[WHAT THE TASK ASKS] The whole listing below should be printed again exactly, with no images.

[GIVEN MATERIAL]
((
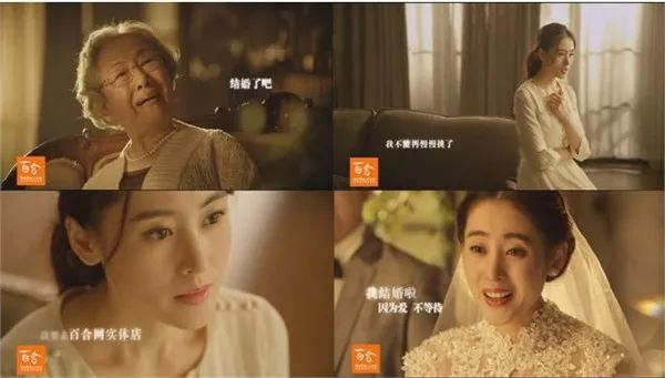 这则“因为爱不等待”的广告主打亲情牌,广告中,女主角回忆,从大学时代开始,每次见到外婆都被问:“结婚了吗?”岁月流逝,外婆缠绵病榻之时,最关心的问题仍然是其终生大事。最终,女孩穿着婚纱,拉着一位面目模糊的男性,含泪在外婆的病床前结了婚。
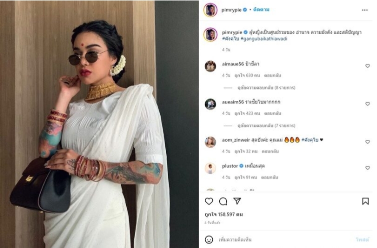 ล่าสุด สาวพิมรี่พาย โพสต์ภาพตัวเองคัฟเวอร์สวมบทเป็นคังคุไบเมืองไทย สวยเข้าตา เหมือนขั้นสุด จนนางเอก คังคุไบ ตัวจริง อย่าง อาเลีย บาตต์ นางเอกดังที่มีผู้ติดตามในไอจีส่วนตัวถึง 65.3 ล้านฟอลโลเวอร์ ถึงกับแชร์ไอจีสตอรี่ พิมรี่พาย พร้อมข้อความภาษาอังกฤษบอกว่า Love ด้วย
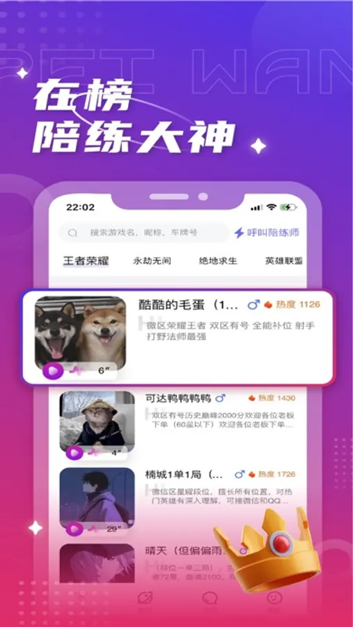 陪玩电竞游戏陪练平台软件APP,提供:无畏契约陪玩,瓦罗兰特陪玩,卡拉彼丘陪玩,王者陪玩,王者荣耀陪玩,lol手游陪玩、英雄联盟陪玩、永劫无间陪玩、王者荣耀陪玩、和平精英陪玩、吃鸡绝地求生pubg陪玩、云顶之弈陪玩、Csgo陪玩、Apex英雄陪玩、CF穿越火线陪玩、Steam陪玩、哈利波特陪玩、金铲铲之战陪玩、DNF陪玩、原神陪玩,堡垒之夜陪玩,剑网3陪玩,球球大作战陪玩,光遇陪玩,决战平安京陪玩,穿越火线手游陪玩,第五人格陪玩,王者国际服陪玩,美服陪玩,欧服陪玩,国际服陪玩等热门电竞游戏兼职陪玩陪练开黑服务。
))
[SOLUTION BELOW]
 这则“因为爱不等待”的广告主打亲情牌,广告中,女主角回忆,从大学时代开始,每次见到外婆都被问:“结婚了吗?”岁月流逝,外婆缠绵病榻之时,最关心的问题仍然是其终生大事。最终,女孩穿着婚纱,拉着一位面目模糊的男性,含泪在外婆的病床前结了婚。
 ล่าสุด สาวพิมรี่พาย โพสต์ภาพตัวเองคัฟเวอร์สวมบทเป็นคังคุไบเมืองไทย สวยเข้าตา เหมือนขั้นสุด จนนางเอก คังคุไบ ตัวจริง อย่าง อาเลีย บาตต์ นางเอกดังที่มีผู้ติดตามในไอจีส่วนตัวถึง 65.3 ล้านฟอลโลเวอร์ ถึงกับแชร์ไอจีสตอรี่ พิมรี่พาย พร้อมข้อความภาษาอังกฤษบอกว่า Love ด้วย
 陪玩电竞游戏陪练平台软件APP,提供:无畏契约陪玩,瓦罗兰特陪玩,卡拉彼丘陪玩,王者陪玩,王者荣耀陪玩,lol手游陪玩、英雄联盟陪玩、永劫无间陪玩、王者荣耀陪玩、和平精英陪玩、吃鸡绝地求生pubg陪玩、云顶之弈陪玩、Csgo陪玩、Apex英雄陪玩、CF穿越火线陪玩、Steam陪玩、哈利波特陪玩、金铲铲之战陪玩、DNF陪玩、原神陪玩,堡垒之夜陪玩,剑网3陪玩,球球大作战陪玩,光遇陪玩,决战平安京陪玩,穿越火线手游陪玩,第五人格陪玩,王者国际服陪玩,美服陪玩,欧服陪玩,国际服陪玩等热门电竞游戏兼职陪玩陪练开黑服务。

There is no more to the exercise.